# 🔁 Natural Language Processing: Understanding N-grams

---

## 🎯 Objective

In this section, we explore **N-grams**, a powerful technique in NLP that captures the context between words by grouping them into contiguous sequences. N-grams are especially useful when Bag of Words or TF-IDF fails to distinguish between similar but **contextually opposite sentences**.

---

## ❓ Why Do We Need N-grams?

- Standard **Bag of Words** and **TF-IDF** treat each word **independently**.
- Context is lost in sentences like:
  - “**Food is good**”
  - “**Food is not good**”
- These two are **opposites**, yet BoW may represent them similarly due to word frequency alone.
- **N-grams** solve this by preserving **word sequences**, adding **contextual depth**.

---

## 🔍 Example: Sentences

```text
Sentence 1: "Food is good"  
Sentence 2: "Food is not good"
```

## Without N-grams (Unigram BoW):

| Word | S1 | S2 |
| ---- | -- | -- |
| food | 1  | 1  |
| good | 1  | 1  |
| not  | 0  | 1  |

Only one word (“not”) differs. Sentences appear similar numerically, but are semantically opposite.
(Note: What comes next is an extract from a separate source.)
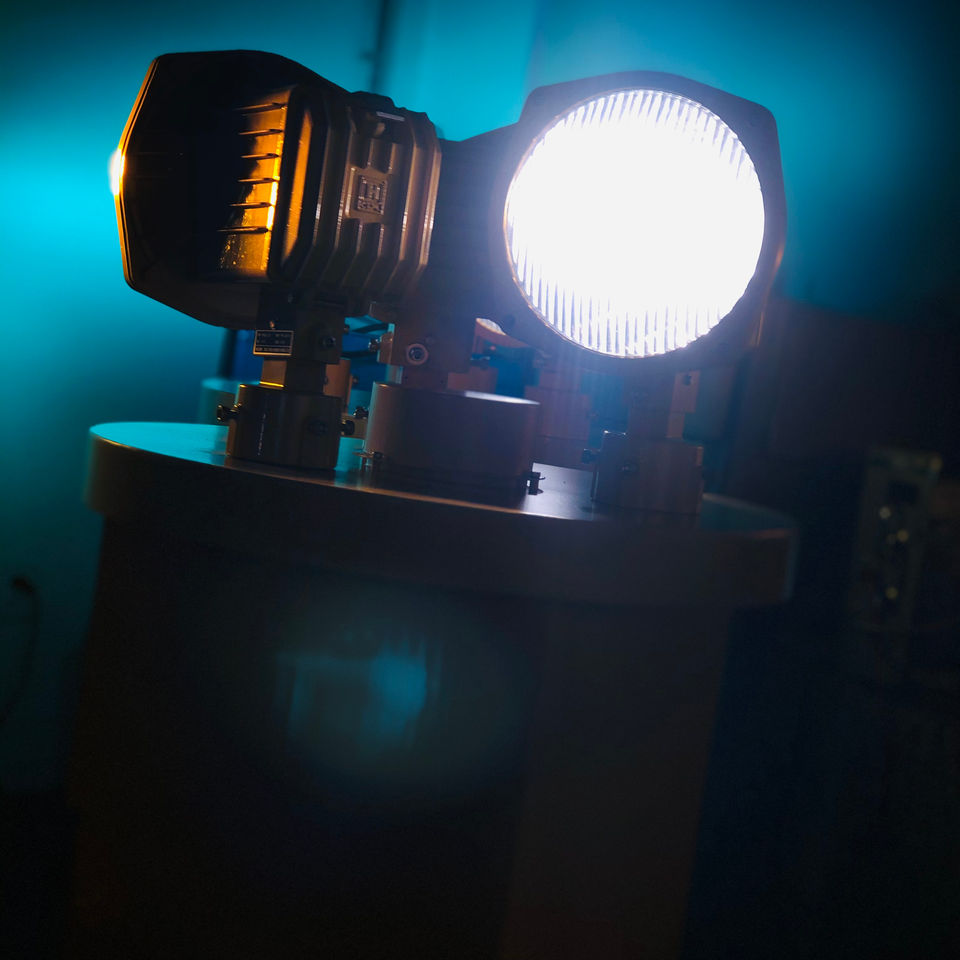 Baliza de rotación de helipuerto. La L-802H cuenta con tres lámparas de 150 vatios y tres lentes: transparente, aviación verde y amarillo.

## 🔗 With N-grams (Bigram)
### We now consider word pairs:

| Bigram    | S1 | S2 |
| --------- | -- | -- |
| food good | 1  | 0  |
| food not  | 0  | 1  |
| not good  | 0  | 1  |

Bigram vectors now reflect major differences between the sentences.


## 📊 Types of N-grams

| Type    | n-gram Range | Description                   |
| ------- | ------------ | ----------------------------- |
| Unigram | (1,1)        | Individual words only         |
| Bigram  | (2,2)        | Consecutive word pairs        |
| Trigram | (3,3)        | Consecutive 3-word sequences  |
| Uni+Bi  | (1,2)        | Unigrams and Bigrams combined |
| Bi+Tri  | (2,3)        | Bigrams and Trigrams only     |



## 🛠️ How to Use in scikit-learn
```python
    from sklearn.feature_extraction.text import CountVectorizer
    // Example for Unigram + Bigram
    vectorizer = CountVectorizer(ngram_range=(1, 2))
    X = vectorizer.fit_transform(corpus)
```

- ngram_range=(1, 2) → includes unigrams and bigrams
- ngram_range=(2, 3) → includes bigrams and trigrams only




## ✅ Conclusion
- N-grams are essential for context-aware NLP tasks.
- They improve model understanding, especially in sentiment and text classification.
- By choosing the right ngram_range, we can preserve phrase-level meaning.
- In the next step, we’ll implement N-gram vectorization and test its impact on a model's performance.

🔁 Try experimenting with (1,3) to include unigram, bigram, and trigram together.